## 1. Data Ingestion

The `diamonds` dataset has been widely used in data science and machine learning. We will use it to demonstrate Snowflake's native data science transformers in terms of database functionality and Spark & Pandas comportablity, using non-synthetic and statistically appropriate data that is well known to the ML community.



### Import Libraries

We'll use pandas to read the local CSV file and then convert it to a Snowpark DataFrame.

In [None]:
# Snowpark for Python
from snowflake.snowpark.types import DoubleType
import snowflake.snowpark.functions as F
from snowflake.snowpark.context import get_active_session

# Pandas for reading local CSV
import pandas as pd

### Setup and establish Secure Connection to Snowflake

Notebooks establish a Snowpark Session when the notebook is attached to the kernel. We create a new warehouse, database, and schema that will be used throughout this tutorial.

In [None]:
-- Using Warehouse, Database, and Schema created during Setup
USE WAREHOUSE ML_HOL_WH;
USE DATABASE ML_HOL_DB;
USE SCHEMA ML_HOL_SCHEMA;

In [None]:
# Get Snowflake Session object
session = get_active_session()
session.sql_simplifier_enabled = True

# Add a query tag to the session.
session.query_tag = {"origin":"sf_sit-is", 
                     "name":"e2e_ml_snowparkpython", 
                     "version":{"major":1, "minor":0,},
                     "attributes":{"is_quickstart":1}}

# Current Environment Details
print('Connection Established with the following parameters:')
print('User      : {}'.format(session.get_current_user()))
print('Role      : {}'.format(session.get_current_role()))
print('Database  : {}'.format(session.get_current_database()))
print('Schema    : {}'.format(session.get_current_schema()))
print('Warehouse : {}'.format(session.get_current_warehouse()))

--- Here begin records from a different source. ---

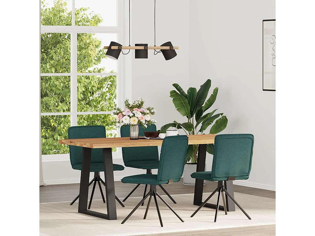 Chaise tissu vert foncé et pieds métal effet bois Mosac - Lot de 4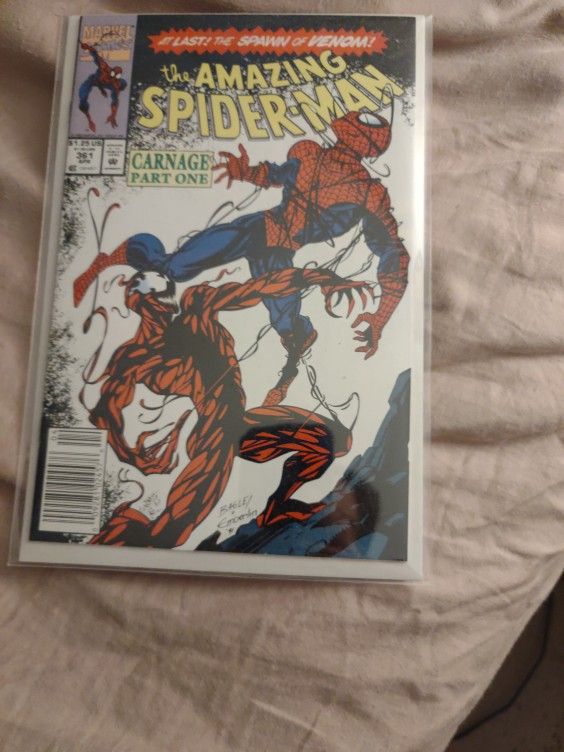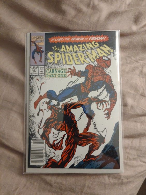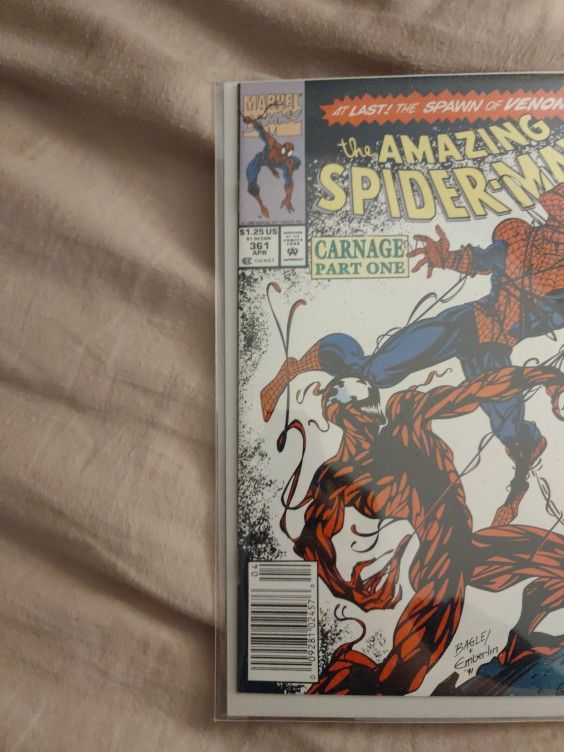 Just in time for the new movie premiering Carnage himself, I´m selling Amazing Spider-Man #361, his first appearance. I had a grader look it over at VA Comicon 2021, and he estimates it at a 9.2-9.4 NM. No cover issues or spine problems. It will only go up in value!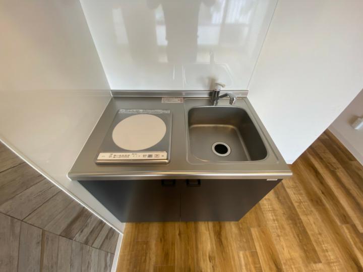 分譲賃貸マンション、夜間オートロック、防犯カメラ、TVモニター付インターフォン、エレベーター、インターネット、エアコン、フローリング、IHクッキングヒーター、シャワールーム、独立洗面台、室内洗濯機置場、レール照明スポットライト、吊り下げ収納、アクセントクロス仕様、バルコニー、駐車場、駐輪場、バイク置場、都市ガス、管理人常駐

### Read the local diamonds CSV file with pandas and convert to Snowpark DataFrame

We'll read the `diamonds.csv` file from the local `data/` folder using pandas, then convert it to a Snowpark DataFrame for processing in Snowflake.

For more information on creating DataFrames, see documentation on [snowflake.snowpark.Session.create_dataframe](https://docs.snowflake.com/en/developer-guide/snowpark/reference/python/latest/api/snowflake.snowpark.Session.create_dataframe).




In [None]:
# Read the local CSV file with pandas
diamonds_pd = pd.read_csv('../data/diamonds.csv')

# Convert pandas DataFrame to Snowpark DataFrame
diamonds_df = session.create_dataframe(diamonds_pd)

diamonds_df

In [None]:
# Look at descriptive stats on the DataFrame
diamonds_df.describe()

In [None]:
diamonds_df.columns

### Data cleaning

First, let's force headers to uppercase using Snowpark DataFrame operations for standardization when columns are later written to a Snowflake table.

In [None]:
# Force headers to uppercase
for colname in diamonds_df.columns:
    if colname == '"table"':
       new_colname = "TABLE_PCT"
    else:
        new_colname = str.upper(colname)
    diamonds_df = diamonds_df.with_column_renamed(colname, new_colname)

diamonds_df

Next, we standardize the category formatting for `CUT` using Snowpark DataFrame operations.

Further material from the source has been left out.